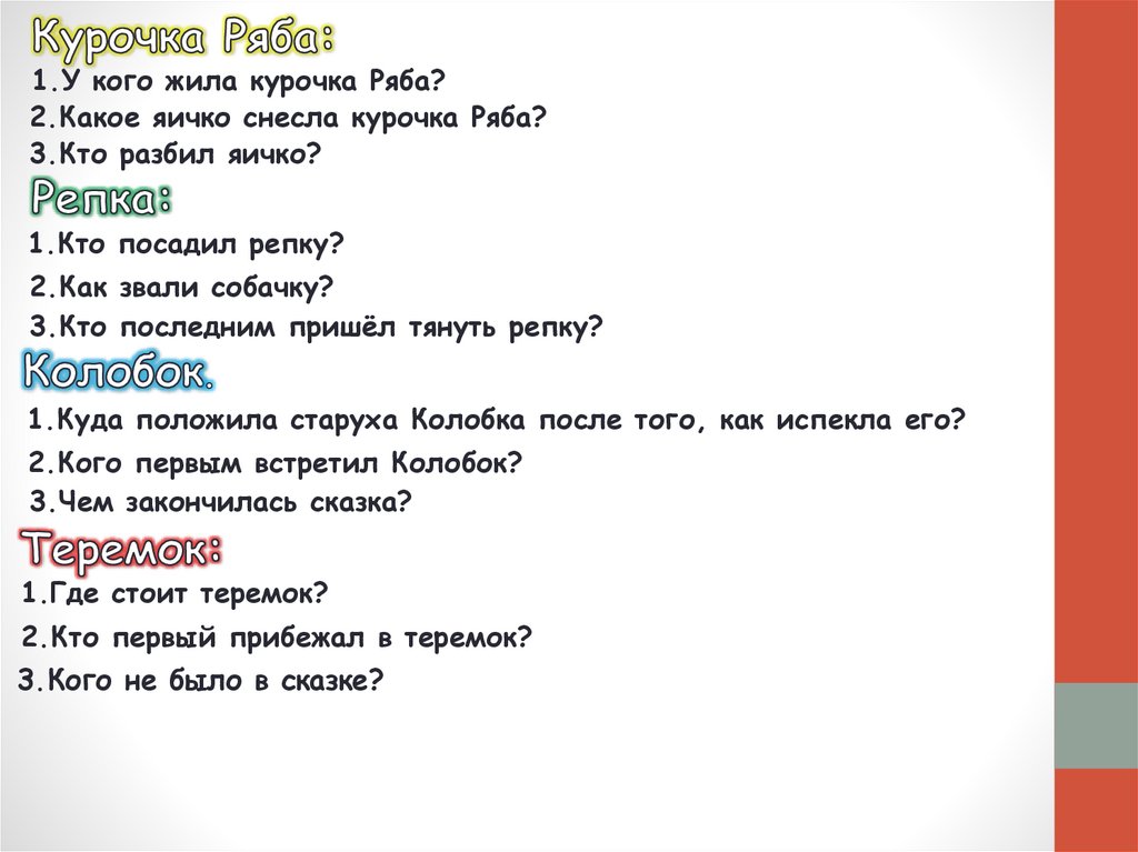 1.У кого жила курочка Ряба?2.Какое яичко снесла курочка Ряба?
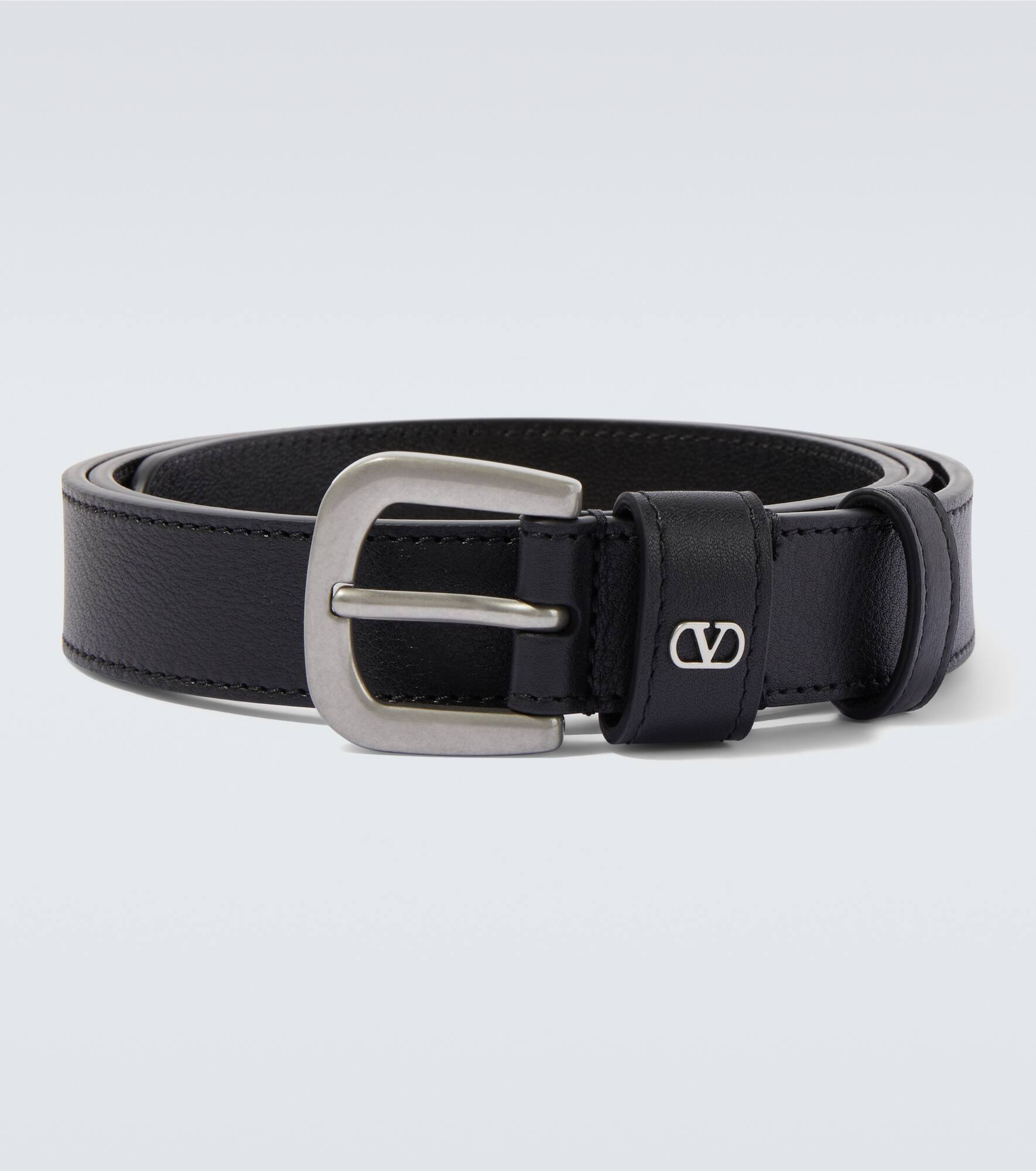 At once iconic and understated, Valentino Garavani's VLogo carries the Maison's legacy of elegance. Here in silver, it adorns the buckle of this classic belt, crafted from smooth leather. Product Details - Material: leather - Lining: leather - Made in Italy - Designer color name: Nero - Item color: black - Includes: box, dust bag - Item number: P01041328 Size & Fit - Width 2,5cm-1" - Buckle width 3,5cm-1.5"
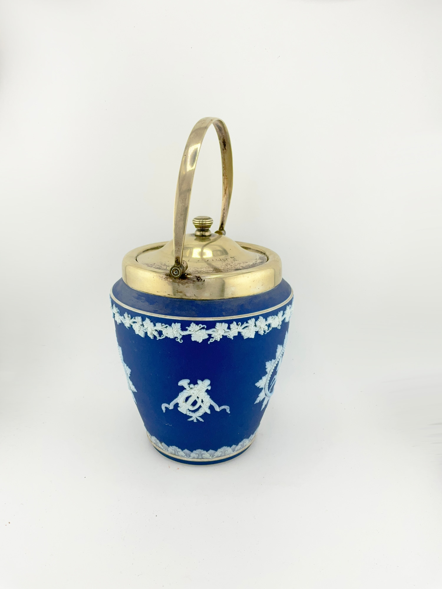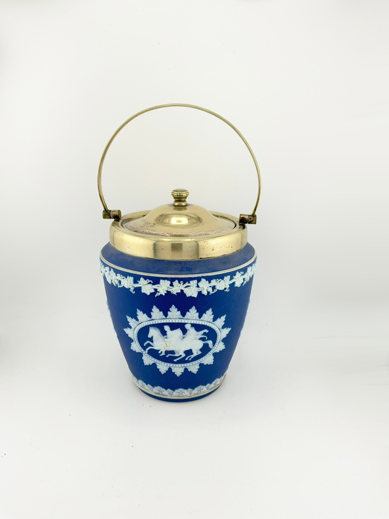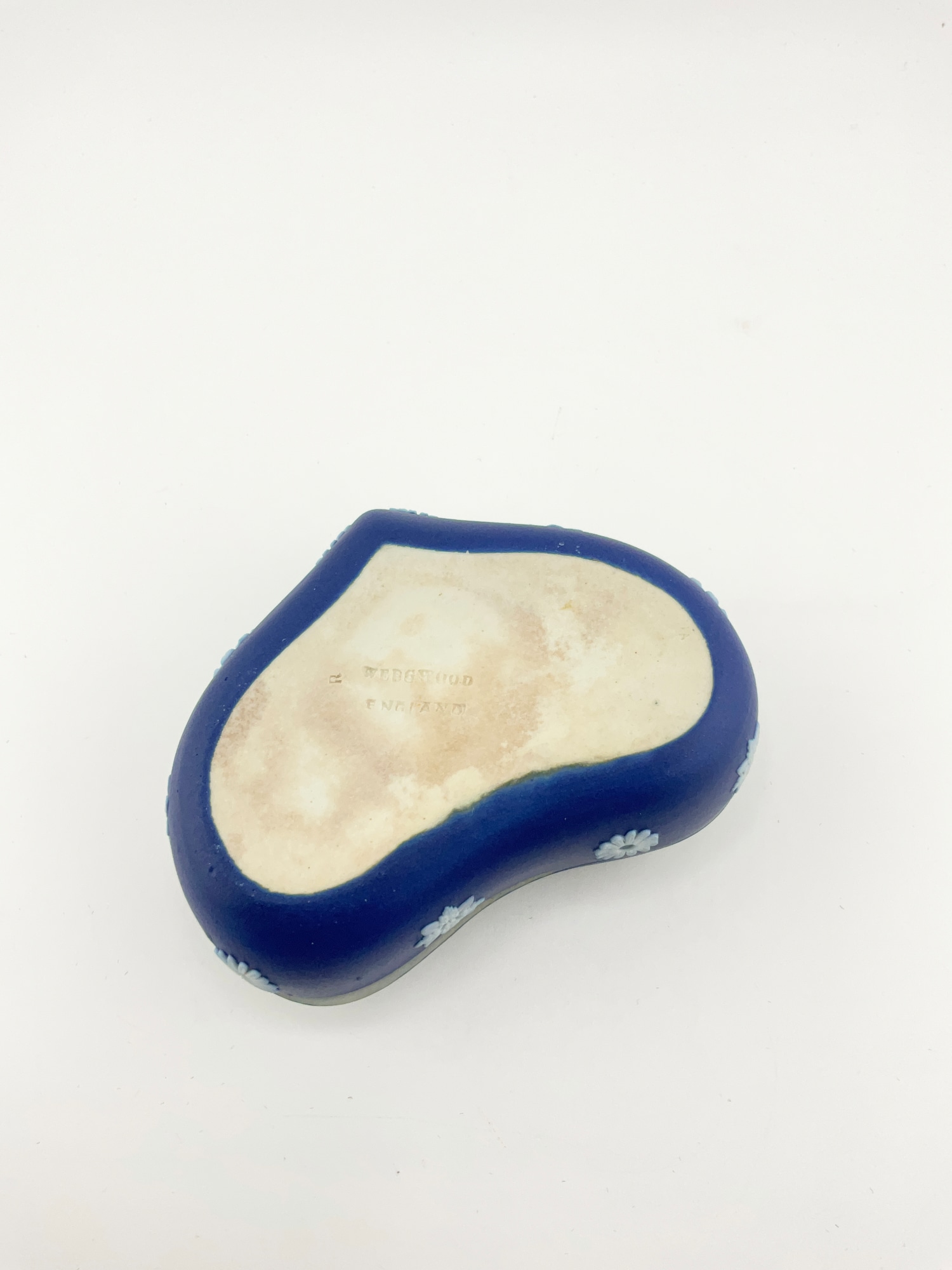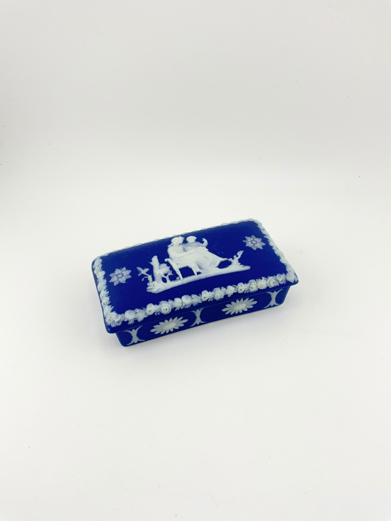 This antique Wedgwood cobalt blue jasperware set is a beautiful addition to any collection. The set includes a biscuit jar, match box, and a tinker box in the shape of a heart, all of which are handcrafted with intricate details and a matte finish. The blue and white pottery production style adds a touch of elegance to any room, and the removable lids and handles make these decorative boxes both functional and stylish. Crafted in England during the late 19th century, these original Wedgwood pieces are a rare find. Each ceramic piece is incised with the “Wedgwood England” stamp on the base. The Biscuit Jar measures 5 inches in diameter and 7.5 inches in height. The match box measures 4in x 2in x 1.5in. The heart box measures 3.5in x 2.75in x 1.25in. These boxes are the perfect size for storing small items or simply displaying on a shelf. Add a touch of history and charm to your home with this stunning antique set.

■ **Work required**: With the pictures removed, set down every line of the listing above exactly.

■ **Finished exercise**:
 1.У кого жила курочка Ряба?2.Какое яичко снесла курочка Ряба?
 At once iconic and understated, Valentino Garavani's VLogo carries the Maison's legacy of elegance. Here in silver, it adorns the buckle of this classic belt, crafted from smooth leather. Product Details - Material: leather - Lining: leather - Made in Italy - Designer color name: Nero - Item color: black - Includes: box, dust bag - Item number: P01041328 Size & Fit - Width 2,5cm-1" - Buckle width 3,5cm-1.5"
 This antique Wedgwood cobalt blue jasperware set is a beautiful addition to any collection. The set includes a biscuit jar, match box, and a tinker box in the shape of a heart, all of which are handcrafted with intricate details and a matte finish. The blue and white pottery production style adds a touch of elegance to any room, and the removable lids and handles make these decorative boxes both functional and stylish. Crafted in England during the late 19th century, these original Wedgwood pieces are a rare find. Each ceramic piece is incised with the “Wedgwood England” stamp on the base. The Biscuit Jar measures 5 inches in diameter and 7.5 inches in height. The match box measures 4in x 2in x 1.5in. The heart box measures 3.5in x 2.75in x 1.25in. These boxes are the perfect size for storing small items or simply displaying on a shelf. Add a touch of history and charm to your home with this stunning antique set.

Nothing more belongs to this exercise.